“成总,二十年……已经很不容易了……”律师擦了把汗,“我老实说,外界的呼声,都希望判你无期……就连成老总的那些挚交,都没打算帮你……这次。除了我,真的没人站在你这边。”
众叛亲离之下,成全只有最后一重指望了。
“我还有钱,还有钱。”成全起身抓住律师的手,“你要多少钱?我给你,你去想办法,帮我脱罪。”
“成总……冷静……”律师轻轻推开成全。“事到如今,钱已经无法解决问题了。大局上看,整个整治群体与经济群体都在针对你……”
“为什么?为什么要针对我?”
“你该问问自己。”律师叹了口气,向外走去,“总之,我该说的都说了,后半场你打算如何表现,我都会尽力配合。就理智层面而言。我还是希望你扮演失去父亲的儿子,那样成老总的旧交也许会生怜悯之心。”

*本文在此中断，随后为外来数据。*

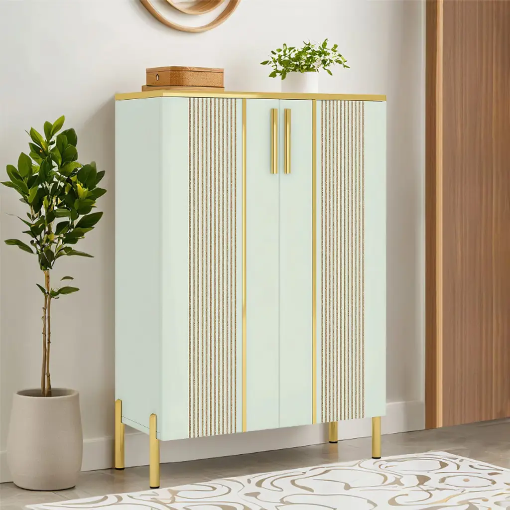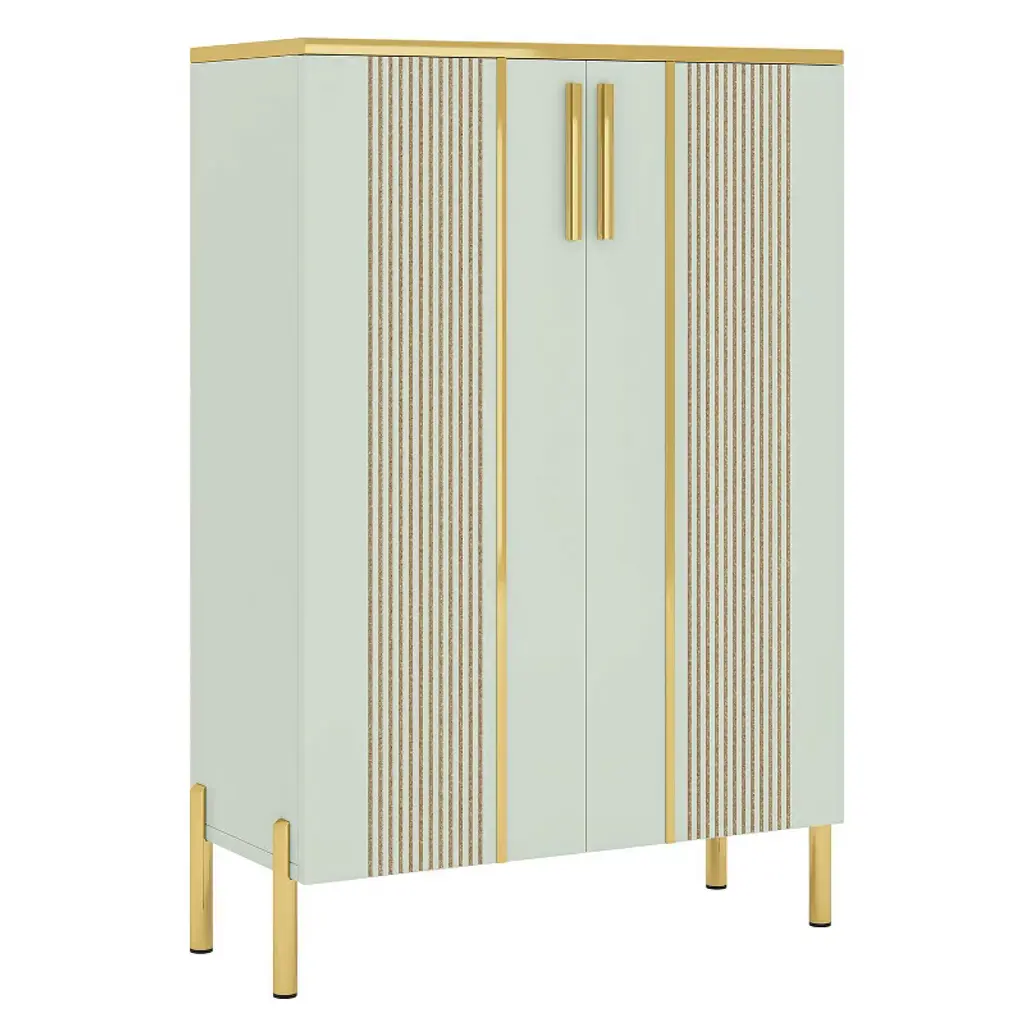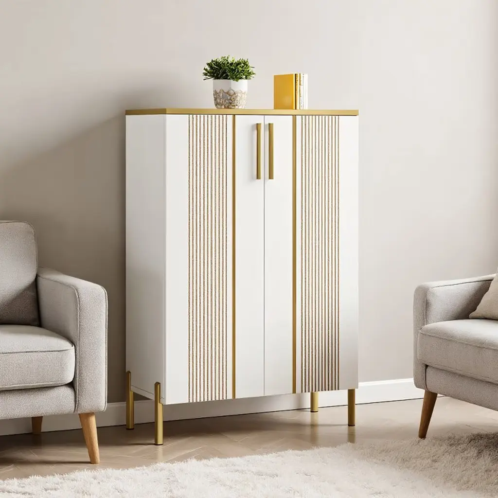 Resenkos 6-tier Wooden Shoe Cabinet, Space-saving Organizer With Sliding Doors, Perfect For Home & Office, Gold & White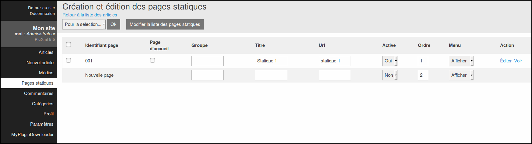 ← Pluxml : éditer les pages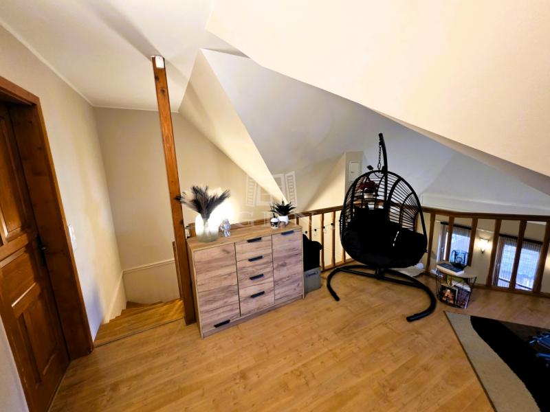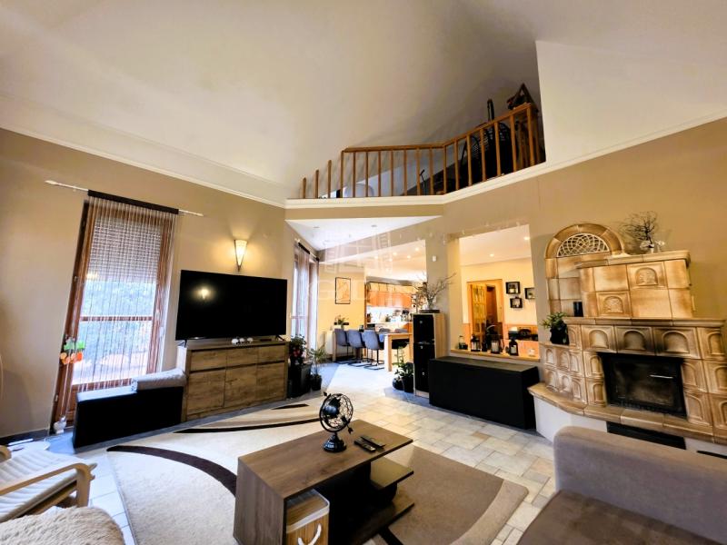 Nagy, galériás nappali – melynek éke a hangulatos cserépkályha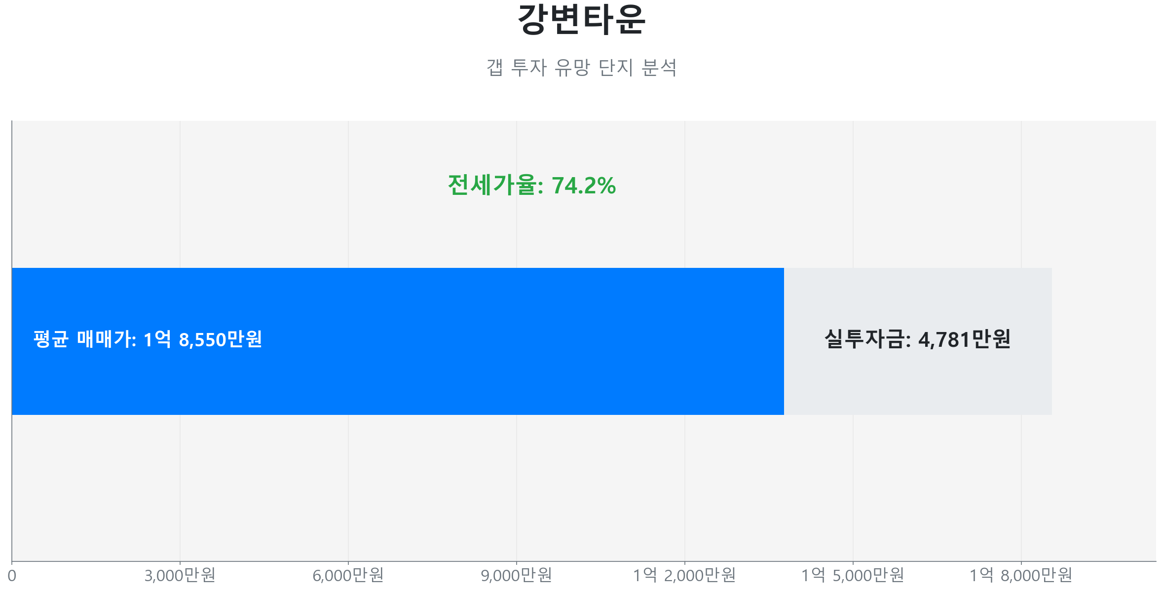 A1. 현금 투자 효율이 높은 이천동 강변타운(59.0㎡)의 경우 전세가율 약 74.2%를 기록하고 있습니다. 현재 기준 실투자금(갭)은 약 4,781만 원 수준으로 형성되어 있으며, 13건의 거래가 발생하며 꾸준한 실거래 활기도를 보여주고 있습니다.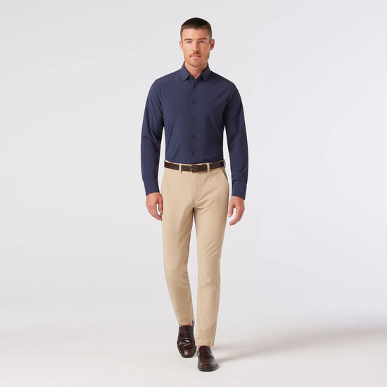 The Leeward is a lightweight, wrinkle-resistant performance dress shirt with built-in stretch. Designed for easy care, breathable comfort, and all-day wear—no dry cleaning needed.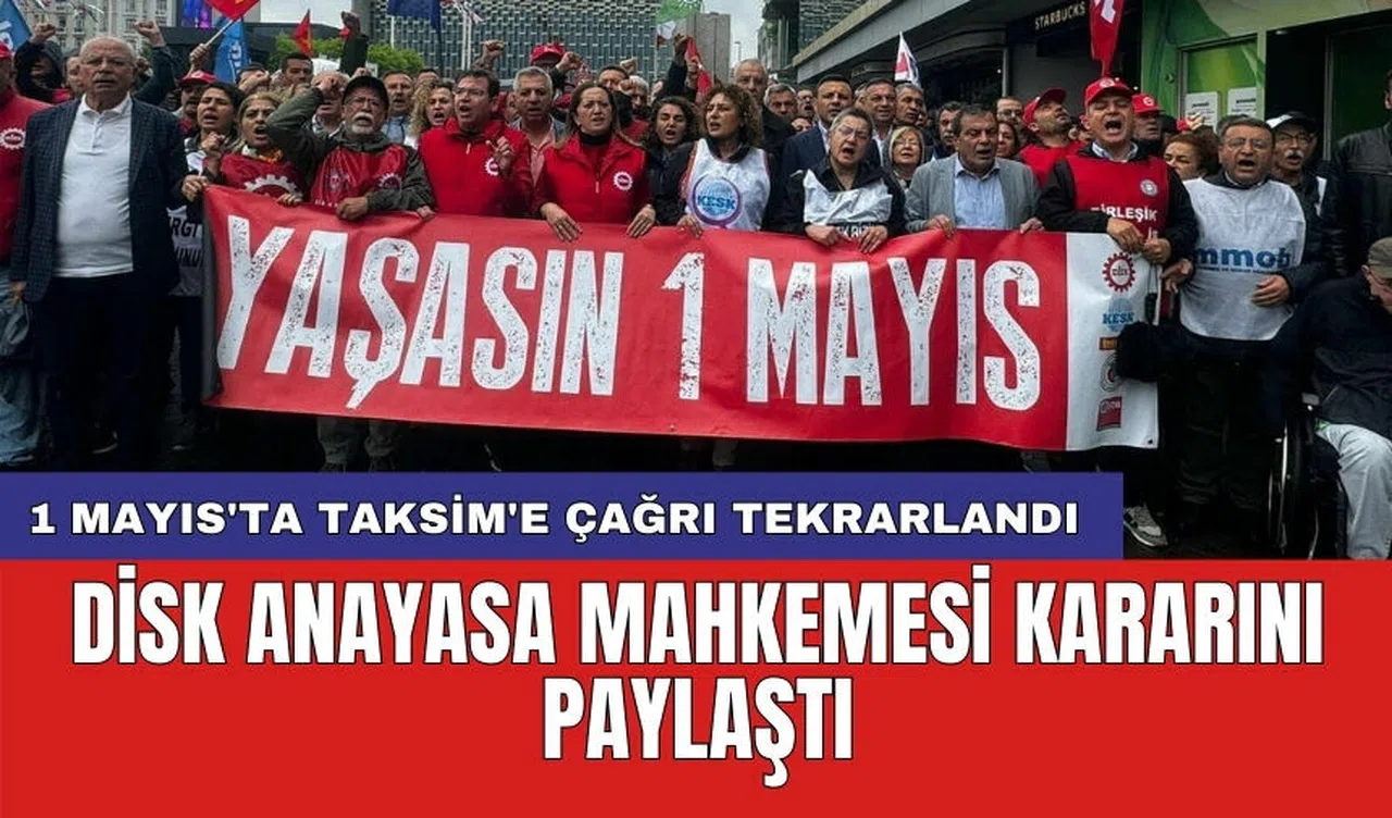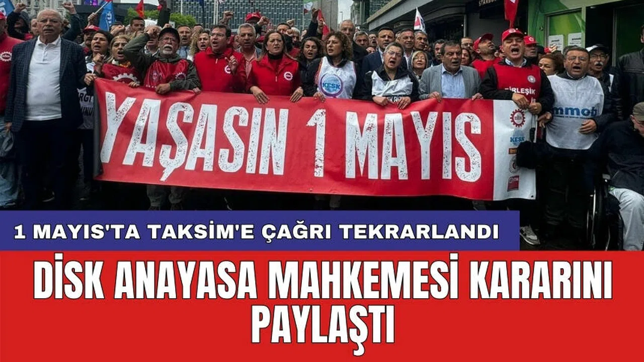 Devrimci İşçi Sendikaları Konfederasyonu (DİSK), Anayasa Mahkemesi'nin (AYM) 12 Ekim 2023 tarihli kararının bir bölümünü resmi sosyal medya hesabından paylaşarak 1 Mayıs'ta Taksim'e çağrısını bir kez daha yineledi. DİSK'in sosyal medya hesabından yapılan paylaşımda, AYM kararında yer alan önemli ifadeler vurgulandı. Kararda, "Kendisini o kültürün bir parçası olarak gören her kişinin 1 Mayıs günlerinde Taksim Meydanı'nın ifade ettiği anlamı doğrudan tecrübe etmek ve edindiği tecrübeyi kuşaklar boyunca aktarmak için orada bulunma hakkı vardır" denildi.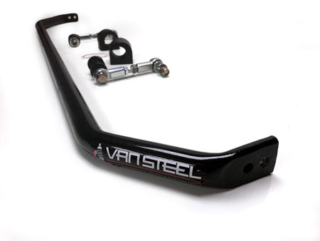 What’s unique about our bar is that is adjustable. We have 2 holes on each side of the bar to increase or decrease the stiffness of the bar. We also do not use traditional sway bar bushings. Van Steel is using premium FK Bearing rod ends for the end links and 6061-T6 aluminum adjuster sleeves and aluminum lower bushing for the lower control arm. Sway bar will come complete with Energy Suspension bushings and the bar is powder coated black.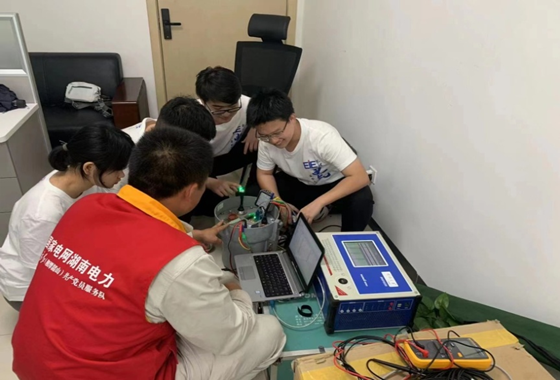 时值伏天酷暑,高温保电成为电网公司的头等大事,电气学子们在韶山深度参与红外测温、用户巡视检查、现场设备调试运维等一线工作,助力迎峰度夏保供电工作。短短20天,实践队员完成线路巡查73条,红外测温20处,完成电表安装、更换10次,调查居民用电情况121户,推广“莲城电工”小程序、“网上国网”APP214户,整理用户档案材料1100余份……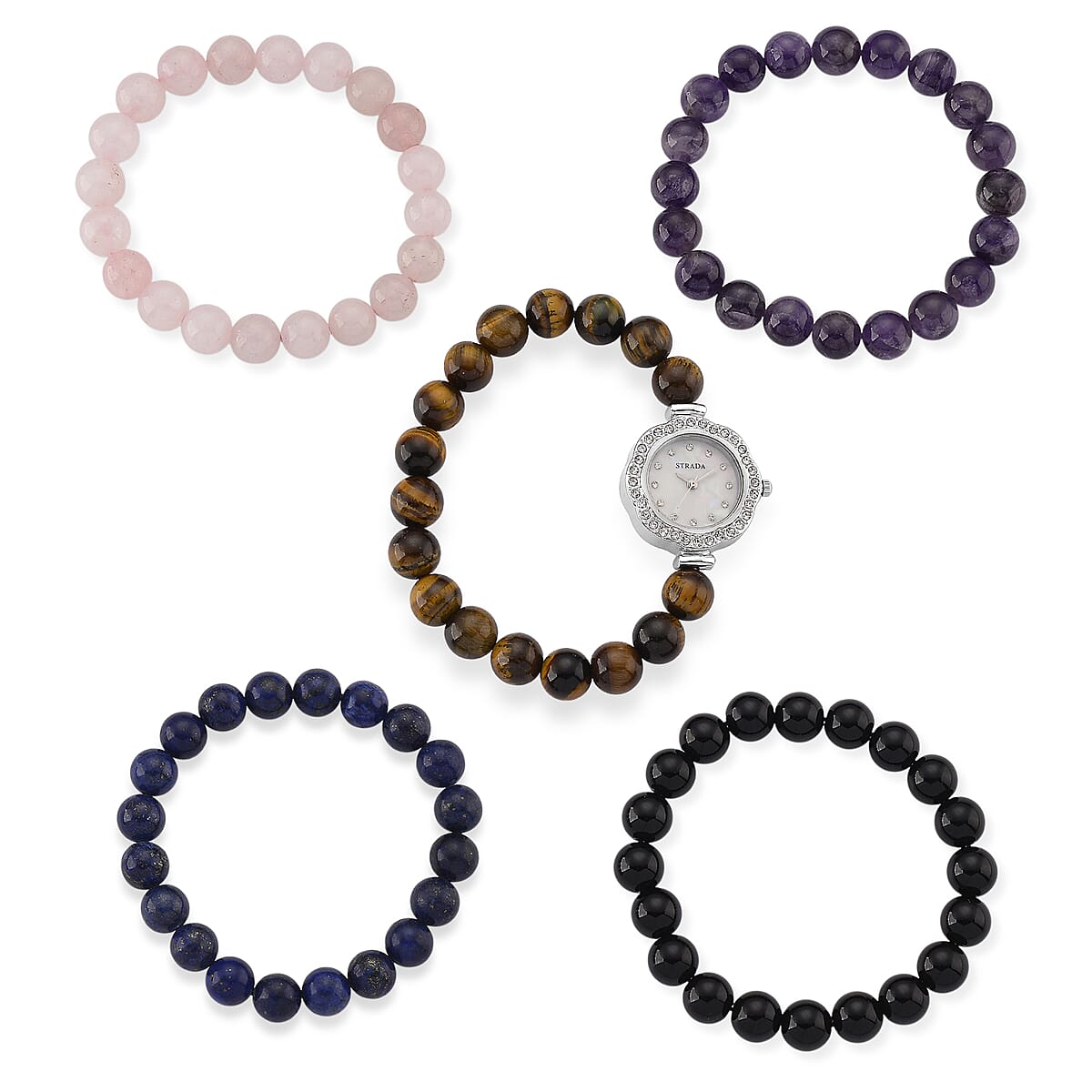 Accessorize beautifully with the Strada multi-gemstone bracelet watch and beaded bracelets. This stunning multi-gemstone bracelet watch combines functionality with fashionable flair. The Japanese movement ensures reliable timekeeping for everyday wear. It expresses your personal style while inviting admiring glances.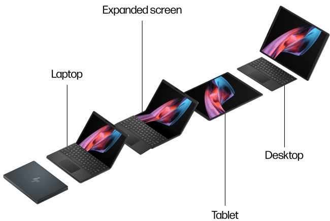 HP Spectre Foldable PC оснащений 17-дюймовим екраном OLED з роздільною здатністю 2.5K, підтримкою HDR, яскравістю 400 ніт SDR, 500 ніт HDR, 99.5% DCI-P3 і вбудованою підставкою. Це перший пристрій, який має повноцінну клавіатуру та півтора екрани без необхідності використовувати додаткові кабелі для заряджання клавіатури або стілусу.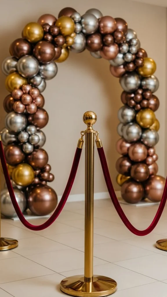 Balloon arches are always fun, but adding velvet ropes turns them into a photo moment with structure. Use ropes to outline the pathway leading toward the arch. This guides guests naturally and makes the backdrop feel intentional. Choose rope colors that match your balloons—burgundy, navy, or black work well with metallic balloons. If you want something budget-friendly, make a DIY balloon garland with small pumps and mixed sizes. Then attach it to a wall or arch frame. Place two stanchions near the front to mark the entry. A small floor spotlight adds dimension to the balloons. This setup is simple, yet it looks impressive in photos. You can also add a reflective mat underneath to catch extra light.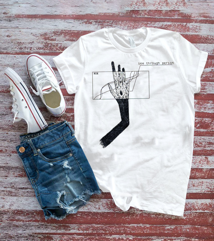 The see through person hand illustration with void design and abstract lines Shirt offers a regular fit. Made from 100% ring-spun cotton that is pre-shrunk to help maintain size and shape after washing. Features reinforced construction details for durability. Available in U.S. standard sizes S-5XL to accommodate various body types.

“为什么……为什么变成这样了……”成全捂着头,急得要哭出来,“爸……爸你救救我……你告诉我该怎么做……”
实际上他九泉下的父亲在很早以前就告诉他要怎么做了。
正如陈行远所说,路是自己选的。
后半场庭审开始,由于已经是一边倒的局势,公诉人决定快刀斩乱麻。放出大牌将对方一举击溃。